__Collected data__
--------------------
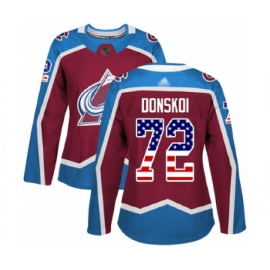 Women's Colorado Avalanche #72 Joonas Donskoi Authentic Burgundy Red USA Flag Fashion Hockey Jersey
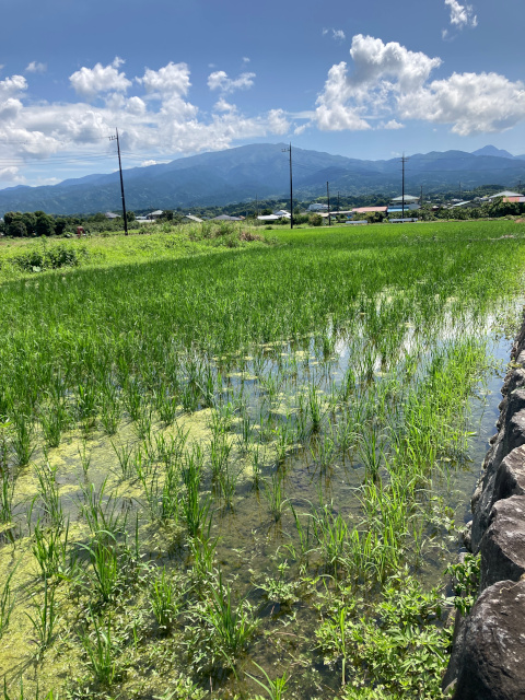 売店前の田んぼは酒米だそうです!初めて見ました、酒米は背が高いと聞きましたが、まだ小さかったです。
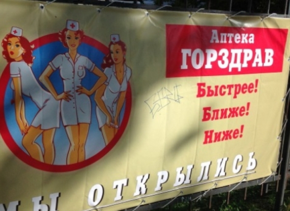 Рекламный баннер аптеки "Горздрав" с изображением трех изогнувшихся медсестер в коротких халатиках и двусмысленной подписью рядом вызвал негодование не только случайных прохожих, но и многих завсегдатаев Всемирной паутины, сообщает корр. ИА AmurMedia.
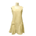 清涼感溢れる ノースリーブ ドロップウエストワンピース 【綿80%で涼しい着心地!レイヤードで着回し力抜群のMサイズワンピース】 真夏のコーディネートにぴったりの清涼感あふれるノースリーブワンピースです。 綿80%の優しい肌触りで、着心地抜群。 ふんわりとした着心地で、女子力アップにつながる可愛くシンプルなデザインです。 トレンド感のあるドロップウエスト(ローウエスト)の切り替えから、プリーツ風のフレアスカートが広がるレトロシックなデザイン。腰元にあしらわれたボタンがアクセントになっています。 シンプルなパステルカラー(オフホワイト/クリーム)の色合いは、サマージャケットやカーディガン、シアーシャツなどを羽織るレイヤードスタイルに最適です。 きれいめにもカジュアルにも着回しが効き、夏の着こなしの幅が広がります。 |
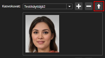 Yksi kasvokuvista on oletuskuva, joka näytetään pikkukuvana plugineissa ja listoilla. Kuvan asettaminen oletuskuvaksi tapahtuu valitsemalla kuva valikosta ja klikkaamalla Aseta valittu kasvokuva oletuskuvaksi nappulaa:
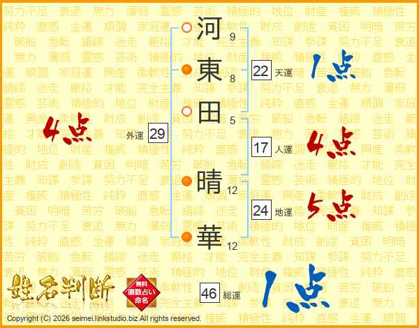 河東田晴華さんの地運は24画の5点!
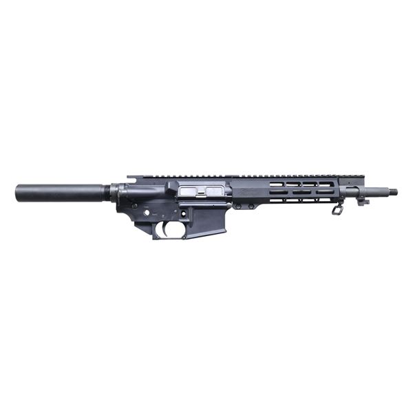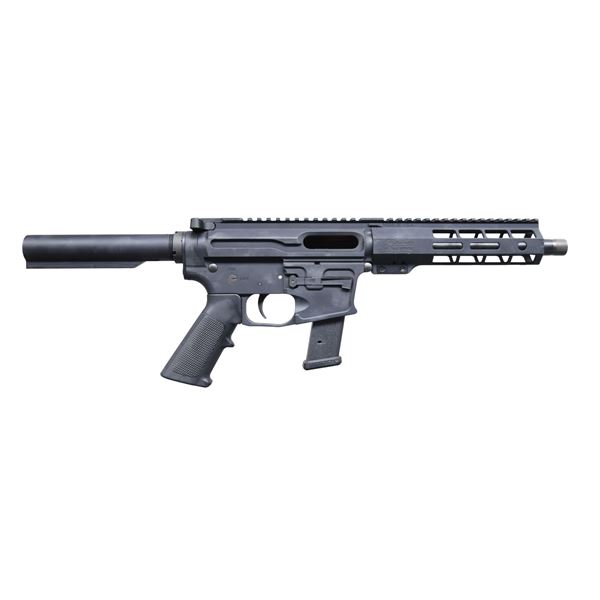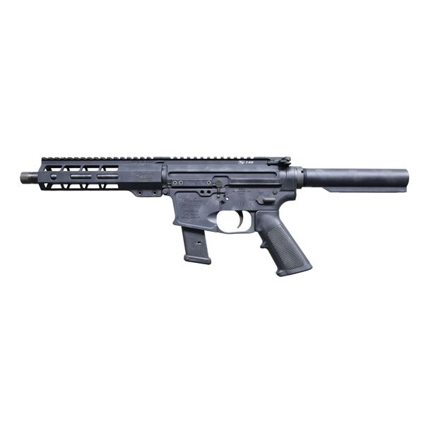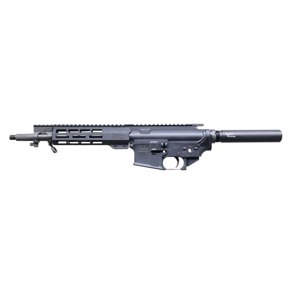 1) MODEL WW-PS PARTS GUN. Cal. 5.56mm. S# PS001295. Bbl. 12". Model WW-PS semi-automatic pistol mfg. by Windham Weaponry. Standard markings on left side of the receiver denoting the S#, model and cal. designations, as well as Windham's mfg. information. Aluminum receiver, flat top upper, buffer tube, and handguard exhibit a matte black finish, with the bbl. and gas block exhibiting a parkerized finish. Trigger assembly is present, with the remainder of small parts for the receiver being absent. Charging handle, bolt assembly, and flash hider are absent. UNATTACHED ACCESSORIES: plastic bag containing a black textured rubber Hogue grip, as well as several small parts. CONDITION: good, with metal components retaining the vast majority of their original factory finishes, exhibiting a few superficial handling marks overall. Mirror chrome lined bore, retaining well defined rifling throughout. (24-7044/MLW). MODERN. 2) MODEL WW-SP WITH HARD CASE. Cal. 9mm NATO. S# SP000261. Bbl. 9". Model WW-SP semi-automatic pistol mfg. by Windham Weaponry. Left side of the receiver exhibits standard markings denoting the S#, model and cal. designations, as well as Windham's mfg. information. Aluminum receiver, flat top upper, buffer tube, and handguard exhibit a matte black finish, with the threaded bbl. exhibiting a blue finish. A2 pattern checkered black polymer pistol grip. Receiver retains a partial trigger assembly. Bolt is absent. MAGS: 1 17-rd. PMAG. UNATTACHED ACCESSORIES: black plastic hard case. CONDITION: good, with some light wear from use and some superficial marks from handling and storage. Mirror bore, exhibiting some firing residue, while retaining well defined rifling throughout. Grip is very good overall. Case is missing one of its latches. (24-7045/MLW). MODERN. $600-900.
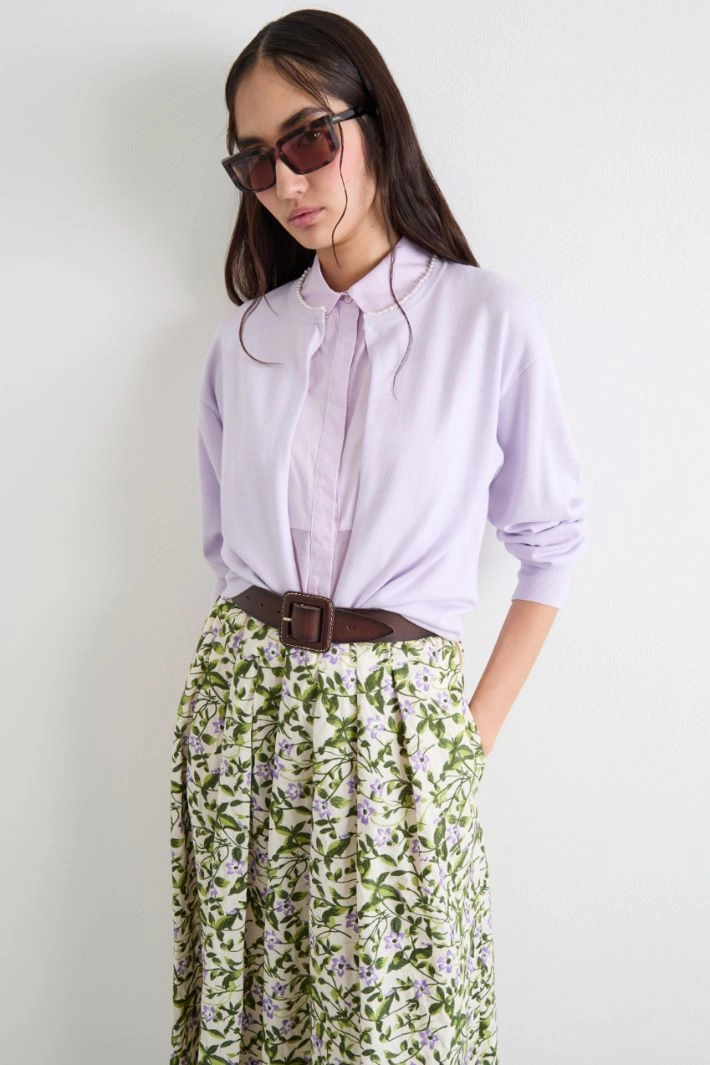 Cardigan dalla linea dritta in viscosa stretch con scollo tondo rifinito da dettaglio di perle applicate, maniche lunghe, polsi e fondo capo a costine.
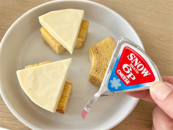 市販のバウムクーヘンに、子どもの頃からおなじみの6Pチーズをのせてチンしただけなのに、まるでワンランク上の焼き菓子のよう。
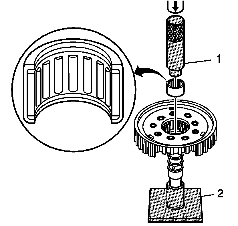 12. Using the J43074 (1) and the J44998 (2), remove the input shaft - inner - bearing assembly.
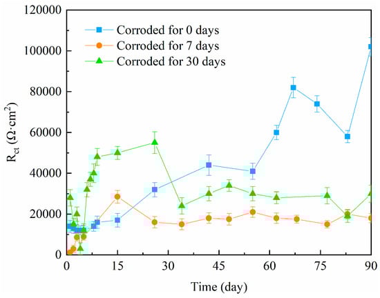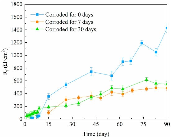 The analysis of equivalent circuit components in different corrosion states, as shown in Figure 7 and Figure 8, indicates that with the passage of time, both the resistance Rf of the calcium deposition layer and the charge transfer resistance Rct exhibit an overall increasing trend. Additionally, in all three corrosion states, the Rf and Rct values of the samples in the 0-day corrosion group are the highest, while the difference between the Rf and Rct values of the samples in the 7-day corrosion group and the 30-day rust group is not significant. The presence of rust facilitates the nucleation and growth of a calcium deposition layer on its surface. As the deposition layer gradually fills the pores in the rust layer, it becomes increasingly challenging for ions to diffuse into the interior of the rust layer for further deposition. Moreover, the density of the rust layer itself cannot compare to that of the calcium deposition layer, resulting in inferior metal protection. Consequently, there is a gradual increase in resistance values for both the 7-day and 30-day rust groups.
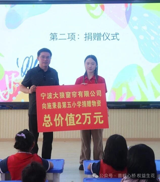 在隨后舉行的捐贈儀式上,寧波市尤耐克有限公司和寧波大狼窗飾有限公司分別向學校捐贈了價值2.5萬元和2萬元的教學物資,這些物資將用于改善學校的辦學條件。校方代表與實踐隊共同完成了捐贈物資的交接工作。
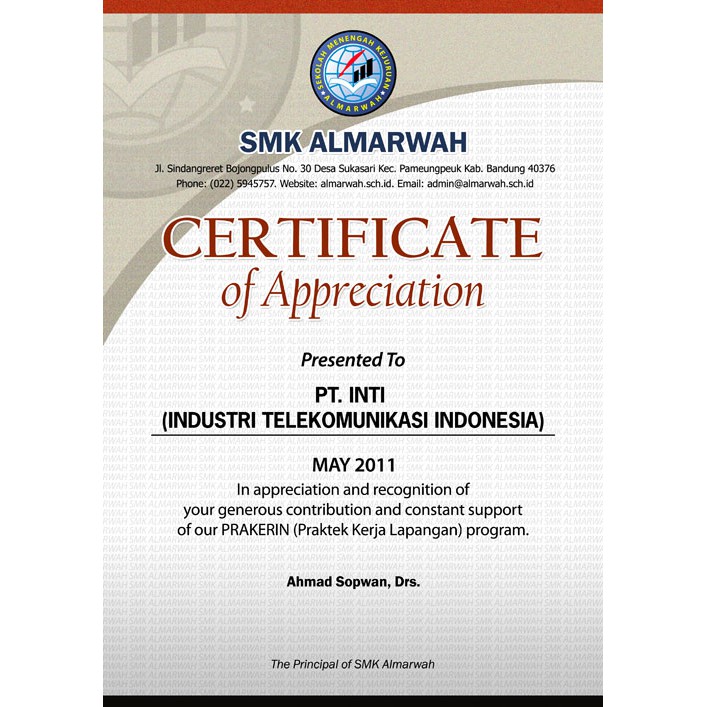 Contoh Sertifikat Praktek Kerja Industri (Prakerin) SMK filetype docx, free Download Gratis Sertifikat sekolah SMK format Word bisa die… | Sekolah, Brosur, Pimpinan
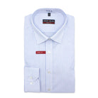 Je kijkt naar een strak gestreept shirt dat straks naadloos past bij heren pakken en elk heren kostuum. Gemaakt van katoen met een nette afwerking: klassieke kraag, doorlopende knoopsluiting en lange mouwen met manchetten. Een heldere basis voor zakelijke sets.
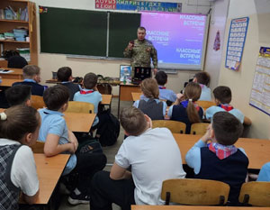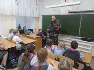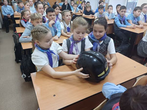 35 лет со дня основания Министерства Российской Федерации по делам гражданской обороны, чрезвычайным ситуациям и ликвидации последствий стихийных бедствий, в рамках Акции "Безопасные каникулы"", в гости к Орлятам 4-х классов пришел начальник караула 55 - Пожарно- Спасательной Части ст.лейтенант внутренней службы Крутов Артем Александрович.
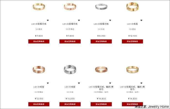 Cartier卡地亞官網(wǎng)正在售賣的Love系列戒指
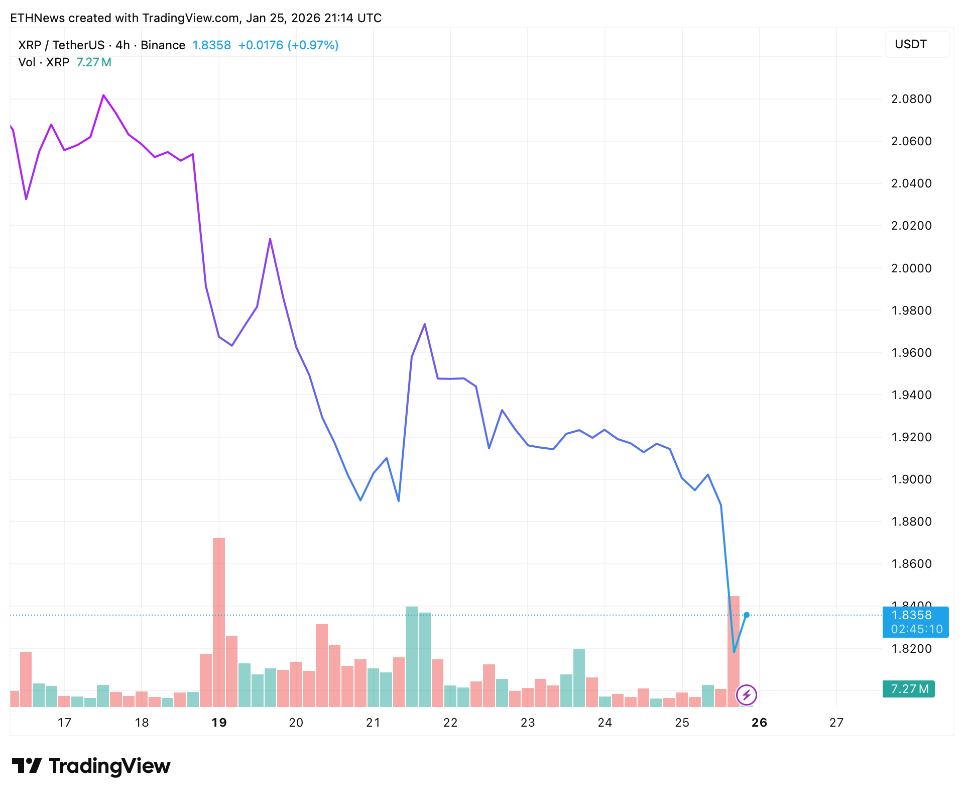 XRP近期的价格走势反映出明确的结构性弱势。本周初未能维持高位后,代币遭遇急剧抛售,随后在1.82–1.84美元区间附近趋稳。
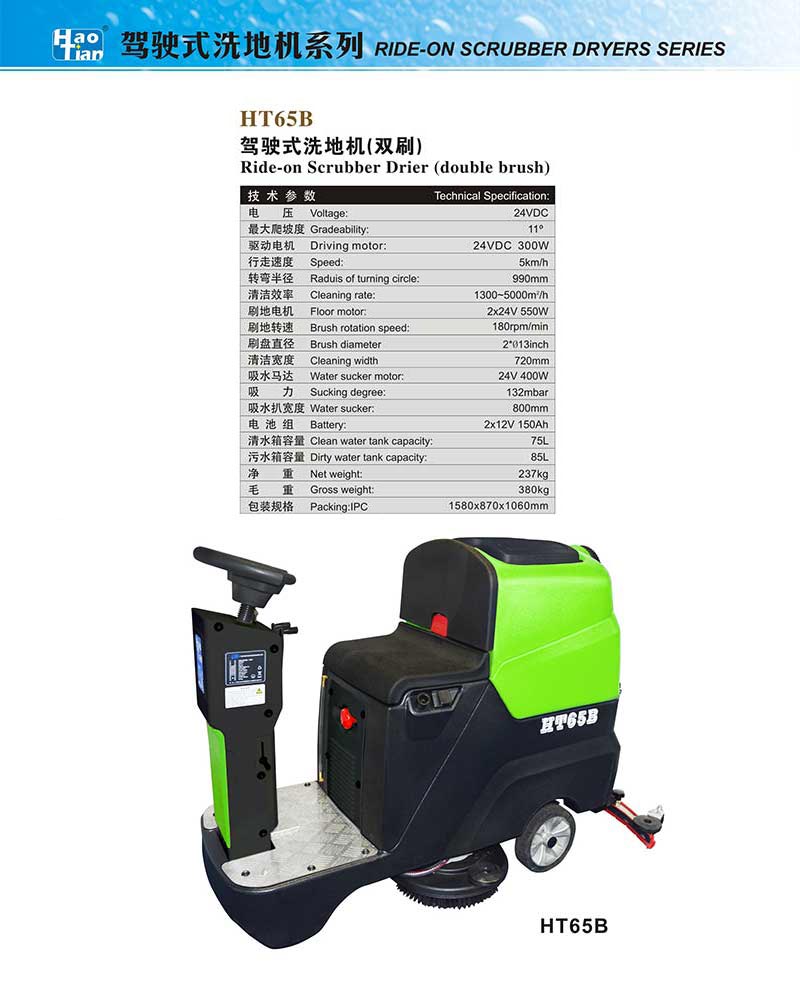 HT65B駕駛式洗地機(雙刷) 主頁>>洗地機>HT65B駕駛式洗地機(雙刷)>
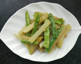 茄子炒熟约四分熟,倒入豆角和土豆,略炒两分钟
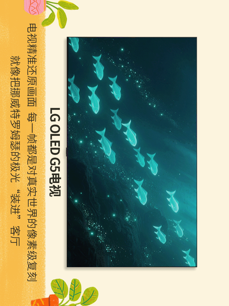 推荐:「点击切换GIF动图后展开」以夏至为时间切入点,通过家庭观影场景与极光意象的结合,突出 LG OLED G5 电视在画质、智能优化及音效方面的优势,借此宣传LG电子产品。
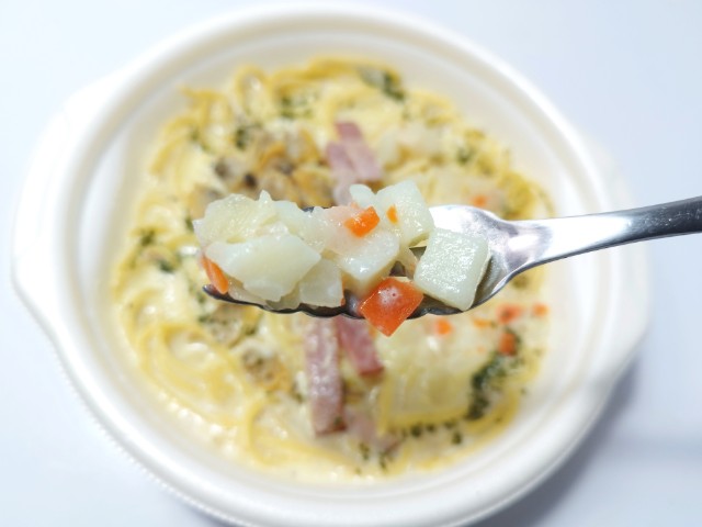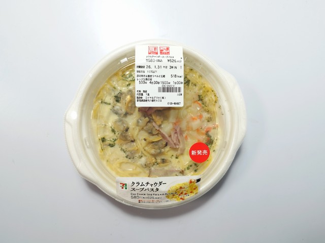 セブンイレブンの商品「クラムチャウダースープパスタ」を食べてみました。
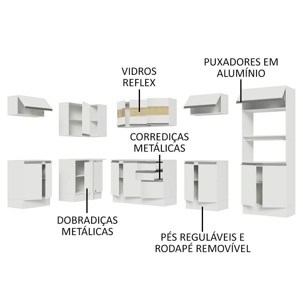 Armário de Cozinha Completa de Canto 100% MDF 447cm Branco Smart Madesa 02
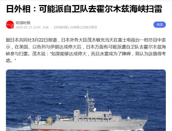环球时报2026-03-23日皮毛:可能派自保队去霍尔木兹海峡扫雷
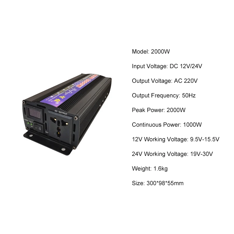 2000 Вт Инвертор немодулированного синусоидального сигнала трансформатор напряжения инвертор постоянного тока 12 В 24 В переменного тока 220 в преобразователь автомобильный микро Инвертор солнечной энергии
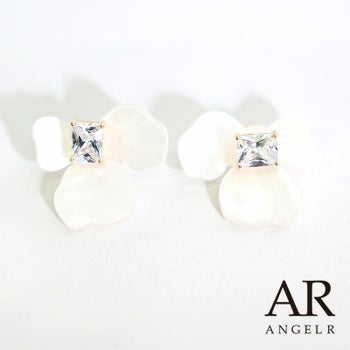 華やかな印象のピアス☆ 【Angel R/エンジェルアール】フラワーモチーフ スクエア ストーンピアス(PI032LF)
--------------------
__Work required__
When pictures appear among the entries, skip them and copy all remaining text precisely.

__Solved exercise__
 Women's Colorado Avalanche #72 Joonas Donskoi Authentic Burgundy Red USA Flag Fashion Hockey Jersey
 売店前の田んぼは酒米だそうです!初めて見ました、酒米は背が高いと聞きましたが、まだ小さかったです。
 Рекламный баннер аптеки "Горздрав" с изображением трех изогнувшихся медсестер в коротких халатиках и двусмысленной подписью рядом вызвал негодование не только случайных прохожих, но и многих завсегдатаев Всемирной паутины, сообщает корр. ИА AmurMedia.
 清涼感溢れる ノースリーブ ドロップウエストワンピース 【綿80%で涼しい着心地!レイヤードで着回し力抜群のMサイズワンピース】 真夏のコーディネートにぴったりの清涼感あふれるノースリーブワンピースです。 綿80%の優しい肌触りで、着心地抜群。 ふんわりとした着心地で、女子力アップにつながる可愛くシンプルなデザインです。 トレンド感のあるドロップウエスト(ローウエスト)の切り替えから、プリーツ風のフレアスカートが広がるレトロシックなデザイン。腰元にあしらわれたボタンがアクセントになっています。 シンプルなパステルカラー(オフホワイト/クリーム)の色合いは、サマージャケットやカーディガン、シアーシャツなどを羽織るレイヤードスタイルに最適です。 きれいめにもカジュアルにも着回しが効き、夏の着こなしの幅が広がります。 |
 Yksi kasvokuvista on oletuskuva, joka näytetään pikkukuvana plugineissa ja listoilla. Kuvan asettaminen oletuskuvaksi tapahtuu valitsemalla kuva valikosta ja klikkaamalla Aseta valittu kasvokuva oletuskuvaksi nappulaa:
 河東田晴華さんの地運は24画の5点!
 1) MODEL WW-PS PARTS GUN. Cal. 5.56mm. S# PS001295. Bbl. 12". Model WW-PS semi-automatic pistol mfg. by Windham Weaponry. Standard markings on left side of the receiver denoting the S#, model and cal. designations, as well as Windham's mfg. information. Aluminum receiver, flat top upper, buffer tube, and handguard exhibit a matte black finish, with the bbl. and gas block exhibiting a parkerized finish. Trigger assembly is present, with the remainder of small parts for the receiver being absent. Charging handle, bolt assembly, and flash hider are absent. UNATTACHED ACCESSORIES: plastic bag containing a black textured rubber Hogue grip, as well as several small parts. CONDITION: good, with metal components retaining the vast majority of their original factory finishes, exhibiting a few superficial handling marks overall. Mirror chrome lined bore, retaining well defined rifling throughout. (24-7044/MLW). MODERN. 2) MODEL WW-SP WITH HARD CASE. Cal. 9mm NATO. S# SP000261. Bbl. 9". Model WW-SP semi-automatic pistol mfg. by Windham Weaponry. Left side of the receiver exhibits standard markings denoting the S#, model and cal. designations, as well as Windham's mfg. information. Aluminum receiver, flat top upper, buffer tube, and handguard exhibit a matte black finish, with the threaded bbl. exhibiting a blue finish. A2 pattern checkered black polymer pistol grip. Receiver retains a partial trigger assembly. Bolt is absent. MAGS: 1 17-rd. PMAG. UNATTACHED ACCESSORIES: black plastic hard case. CONDITION: good, with some light wear from use and some superficial marks from handling and storage. Mirror bore, exhibiting some firing residue, while retaining well defined rifling throughout. Grip is very good overall. Case is missing one of its latches. (24-7045/MLW). MODERN. $600-900.
 Cardigan dalla linea dritta in viscosa stretch con scollo tondo rifinito da dettaglio di perle applicate, maniche lunghe, polsi e fondo capo a costine.
 市販のバウムクーヘンに、子どもの頃からおなじみの6Pチーズをのせてチンしただけなのに、まるでワンランク上の焼き菓子のよう。
 12. Using the J43074 (1) and the J44998 (2), remove the input shaft - inner - bearing assembly.
 The analysis of equivalent circuit components in different corrosion states, as shown in Figure 7 and Figure 8, indicates that with the passage of time, both the resistance Rf of the calcium deposition layer and the charge transfer resistance Rct exhibit an overall increasing trend. Additionally, in all three corrosion states, the Rf and Rct values of the samples in the 0-day corrosion group are the highest, while the difference between the Rf and Rct values of the samples in the 7-day corrosion group and the 30-day rust group is not significant. The presence of rust facilitates the nucleation and growth of a calcium deposition layer on its surface. As the deposition layer gradually fills the pores in the rust layer, it becomes increasingly challenging for ions to diffuse into the interior of the rust layer for further deposition. Moreover, the density of the rust layer itself cannot compare to that of the calcium deposition layer, resulting in inferior metal protection. Consequently, there is a gradual increase in resistance values for both the 7-day and 30-day rust groups.
 在隨后舉行的捐贈儀式上,寧波市尤耐克有限公司和寧波大狼窗飾有限公司分別向學校捐贈了價值2.5萬元和2萬元的教學物資,這些物資將用于改善學校的辦學條件。校方代表與實踐隊共同完成了捐贈物資的交接工作。
 Contoh Sertifikat Praktek Kerja Industri (Prakerin) SMK filetype docx, free Download Gratis Sertifikat sekolah SMK format Word bisa die… | Sekolah, Brosur, Pimpinan
 Je kijkt naar een strak gestreept shirt dat straks naadloos past bij heren pakken en elk heren kostuum. Gemaakt van katoen met een nette afwerking: klassieke kraag, doorlopende knoopsluiting en lange mouwen met manchetten. Een heldere basis voor zakelijke sets.
 35 лет со дня основания Министерства Российской Федерации по делам гражданской обороны, чрезвычайным ситуациям и ликвидации последствий стихийных бедствий, в рамках Акции "Безопасные каникулы"", в гости к Орлятам 4-х классов пришел начальник караула 55 - Пожарно- Спасательной Части ст.лейтенант внутренней службы Крутов Артем Александрович.
 Cartier卡地亞官網(wǎng)正在售賣的Love系列戒指
 XRP近期的价格走势反映出明确的结构性弱势。本周初未能维持高位后,代币遭遇急剧抛售,随后在1.82–1.84美元区间附近趋稳。
 HT65B駕駛式洗地機(雙刷) 主頁>>洗地機>HT65B駕駛式洗地機(雙刷)>
 茄子炒熟约四分熟,倒入豆角和土豆,略炒两分钟
 推荐:「点击切换GIF动图后展开」以夏至为时间切入点,通过家庭观影场景与极光意象的结合,突出 LG OLED G5 电视在画质、智能优化及音效方面的优势,借此宣传LG电子产品。
 セブンイレブンの商品「クラムチャウダースープパスタ」を食べてみました。
 Armário de Cozinha Completa de Canto 100% MDF 447cm Branco Smart Madesa 02
环球时报2026-03-23日皮毛:可能派自保队去霍尔木兹海峡扫雷
 2000 Вт Инвертор немодулированного синусоидального сигнала трансформатор напряжения инвертор постоянного тока 12 В 24 В переменного тока 220 в преобразователь автомобильный микро Инвертор солнечной энергии
 華やかな印象のピアス☆ 【Angel R/エンジェルアール】フラワーモチーフ スクエア ストーンピアス(PI032LF)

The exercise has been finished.